Michele Panebianco (20 December 1806 - 4 April 1873) was an Italian painter. He was born and died in Messina.

==Life==
He studied in Rome under Letterio Subba then Vincenzo Camuccini. He headed Messina's scuola di belle arti. Many of his religious works were destroyed in the 1908 Messina earthquake, whilst surviving ones are in the Museo Regionale di Messina and various churches in Sicily. He was one of the first teachers of Lio Gangeri.

==Works==
- Arrival of the Magi, copy of the original recorded in Sant'Andrea church, Messina
- Nativity, oil on panel, copy of the original recorded in the Alto Basso church, Messina; original moved from the monastic church of San Gregorio to the Museo Civico Peloritano (now known as the Museo Regionale) and re-attributed from Polidoro da Caravaggio
- The Stigmatization of St Francis, Montevergine church, Messina.The restoration of the painting was completed on 11 April 2025.
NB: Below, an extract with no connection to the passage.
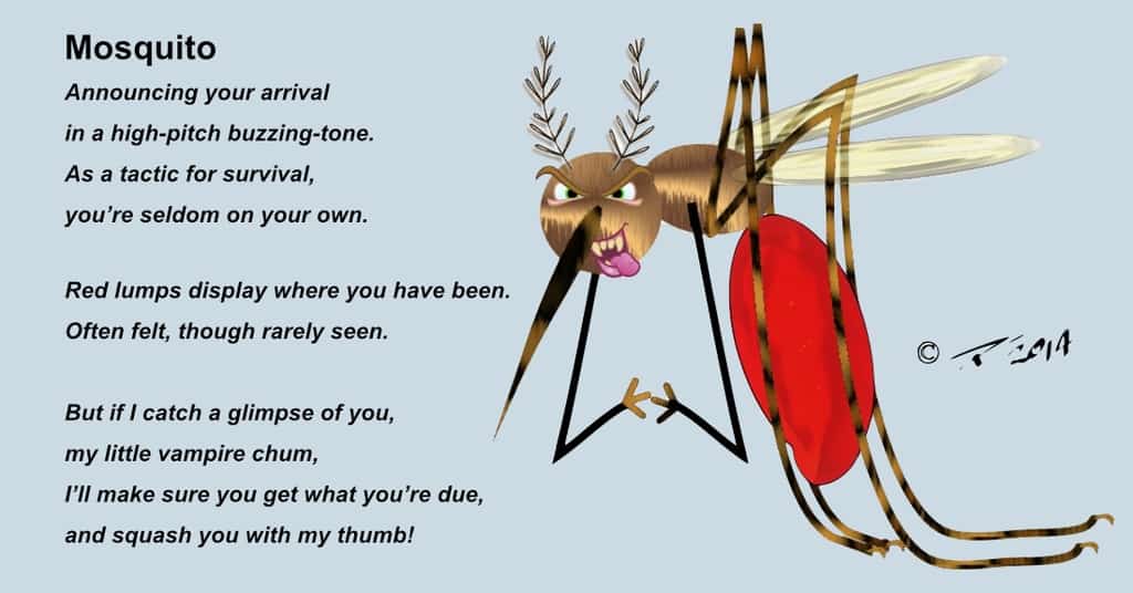 But I can’t bring myself to like them. In fact I loathe them. Perhaps it’s the irritating sound they make or because they carry disease. Or maybe it’s my inability to square their paradoxical position in the order of things – they’re at the bottom of the food chain – yet they feed on us – at the top of the food chain. But most likely it’s because they like to bite me and those bites are so annoyingly itchy for days afterwards…

- Apostles, oil on panel, produced to complete the altarpiece in Santa Maria Assunta, Castroreale
- St Francis of Assisi, fresco, on the vault originally decorated with a fresco by Filippo Tancredi destroyed in the 1783 Calabrian earthquakes, recorded in the Oratorio di San Francesco alle Stimmate in the church of San Francesco dei Mercanti.
- Vara dell'Assunta, prints, Museo della Vara, Palazzo Zanca, Messina.